Bonjour, vous avez raison de demander une base juridique : en bail unique avec clause de solidarité, je ne vois pas d’article qui oblige le bailleur à accepter un loyer réduit s’il refuse un remplaçant. Au contraire, le principe est plutôt que chaque colocataire solidaire peut être tenu du paiement de la totalité du loyer envers le bailleur. L’article 8-1 de la loi du 6 juillet 1989 limite surtout la solidarité du colocataire sortant : elle prend fin à l’arrivée d’un remplaçant inscrit au bail, ou au plus tard 6 mois après la fin de son préavis. Mais cela ne réduit pas automatiquement le loyer dû par le colocataire restant.

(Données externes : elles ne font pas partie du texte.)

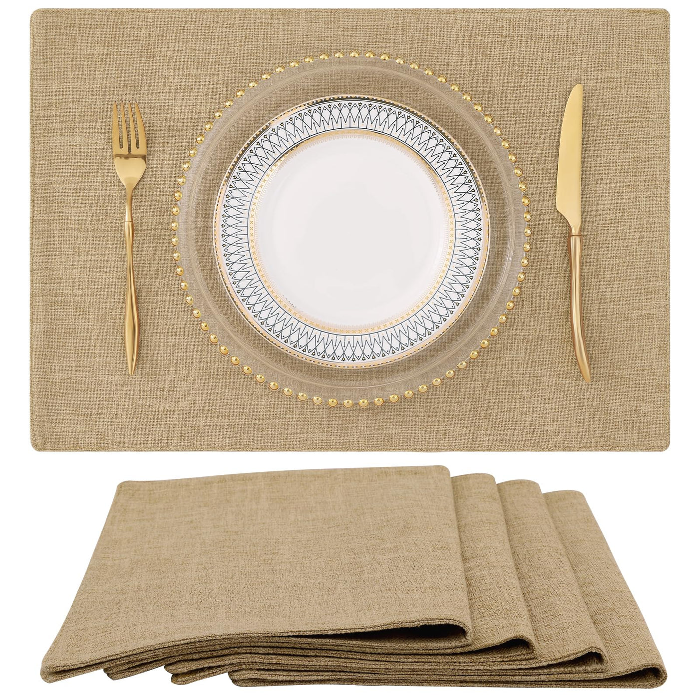 Homing Flaxen Cloth Placemats Set Of 4 - Cotton Linen Blend Washable Farmhouse Dining Table Mats For Indoors & Outdoors, Easy To

Donc, malheureusement, votre bailleur peut en principe réclamer l’intégralité du loyer au colocataire restant si le bail contient bien une clause de solidarité. En revanche, vous pouvez lui demander par écrit d’examiner sérieusement un remplaçant solvable et de motiver son refus, surtout si son attitude bloque abusivement la situation. En pratique, je vous conseille aussi de contacter l’ADIL de votre département avec votre bail sous les yeux : ils pourront vérifier la clause exacte et voir s’il y a une marge de contestation. L’ANIL confirme d’ailleurs que, même sans nouveau colocataire, les colocataires restants doivent payer la totalité du loyer.